Agreement amongst Kenya’s political elites on Agendas One and Two had been fairly unanimous, but negotiations around Agenda Three became ‘tense and bitter’, as there was ‘so much to lose’ by agreeing to share power by including the other party.46 Although power-sharing was increasingly seen as the most probable solution, the mediation slowed down. Annan and the international community used a number of techniques to encourage the principals to move forward quickly and to agree to share power. External politicians and technical experts ‘provided clarification on intricate, technical issues–such as grand coalitions–to the negotiators, helping inspire confidence from neutral experts.47 Indeed, Annan invited the Tanzanian President, Jakaya Kikwete, into the mediation process so that he could share his direct experiences of power-sharing government and show the negotiators that ‘what felt like unchartered territory had actually been tried and tested successfully, elsewhere’ by a neighbour (Kofi Annan Foundation 2009: 12). This enhanced the legitimacy and influence of the mediation team (Kofi Annan Foundation 2009).
Some countries were able to use further pressure to ensure that the negotiations moved productively. They put pressure on the negotiating teams through threats of travel bans to elites who were thwarting the mediation or were seen to have incited violence. This threat had been used previously in Kenya to handle those suspected of corruption. Given that many elites have educational, financial and property links overseas, it was an effective influencing tool.
The national dialogue and the mediation in particular made substantial progress. There were clear gains brought about by the support of the international community.
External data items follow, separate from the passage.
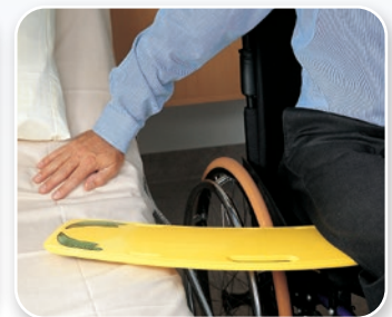
SAMARIT Nursing Aids

Download your language from our website or ask your local distributor.
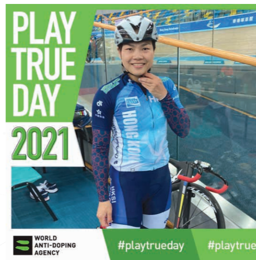
李慧詩 LEE Wai Sze
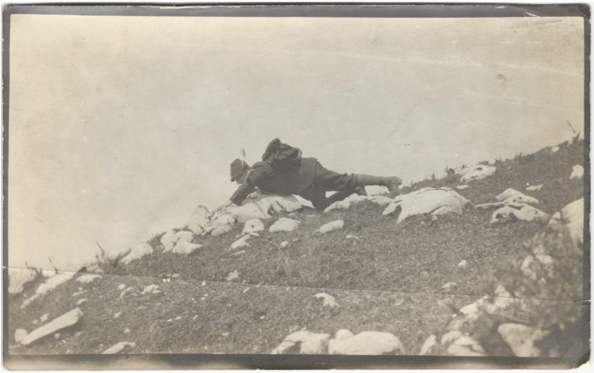
12. Snapshot. 5.5"x3.5" - $15
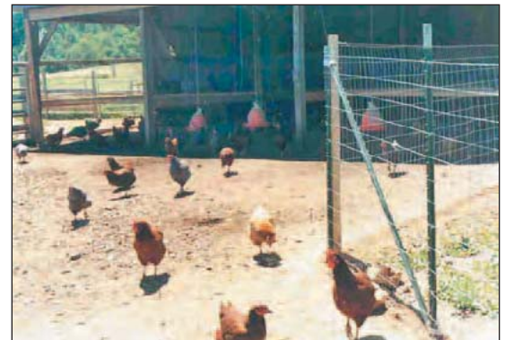
Poultry damage vegetation in a permanent yard.

However, as everyone began to implement the agreement, it became evident that significant gaps remained. There was, for example, no coherent strategy in place to outline exactly ‘how the coalition government was going to function and how power was to be shared between the two principals’.48 Indeed, even the most basic modalities such as ‘how decisions are taken, how the two principals should work together, how often they should meet, what level of power would be commanded by both, and at what point are their decisions binding’ were not defined during the mediation process.49 This meant that the presidency remained highly centralised and the Prime Minister, Raila Odinga, was left with ‘an incredibly small amount of power’.
Although the international community does not always act fast, when Kenya broke down into violence, rapid action was required with no clear game plan. International actors had to be flexible, take risks and seek rapid funding mechanisms to support emerging opportunities. There were controversies among development actors. Some chose less risky strategies, earmarking their funds to the MDTF or avoiding controversial issues.50 Some adopted politically risky strategies, separately funding the Kenya National Commission on Human Rights (KNCHR) to conduct early investigations of the violence. This has paid off: the investigations provided some evidence on the nature of the violence and subsequent investigations tend to use these findings for further investigations. Some argued that donors should not support the constitutional review process, given that Kenya had already had the world’s most participatory and thorough process. But, when credible experts were appointed and government funding had stalled, several donors chose to support it collectively again through the MDTF.51 This fund had the additional benefit of ensuring that donors could stay jointly focused on core issues and influencing rather than wasting their and partners’ time establishing new individual and parallel funding mechanisms.52
The international community acted fast, looking for mediation options at the start of the process, and then mobilising support and funding behind the best solution and its processes whilst maintaining pressure for rapid conclusions to the commissions. The mediation team was able to ensure long term engagement by agreeing the Agenda 4 process and the international community was able to use Agenda 4 reforms to maintain pressure to deal with the long term causes of the conflict. In effect, the international community influenced the political settlement, backing the mediation strategy of prioritising prevention of conflict by looking beyond quick fix solutions and by acting fast but staying engaged.
Focus on Statebuilding
Statebuilding is sometimes a misunderstood term. The OECD DAC guidance on statebuilding defines it as ‘an endogenous process to enhance capacity, institutions and legitimacy of the state driven by state-society relations’ (OECD DAC 2011a: 2). There are thus limits to what the international community can do. The Fragile States Principles place it as a central objective because states are fragile when they lack the political will or capacity to provide the basic functions of poverty reduction, security and human rights. The principles also include promotion of non-discrimination as a basis for inclusive and stable societies and stress the importance of aligning with local priorities–ideally government-led but also with a range of national stakeholders. The question we address here is: how did this play out in Kenya’s post-election crisis?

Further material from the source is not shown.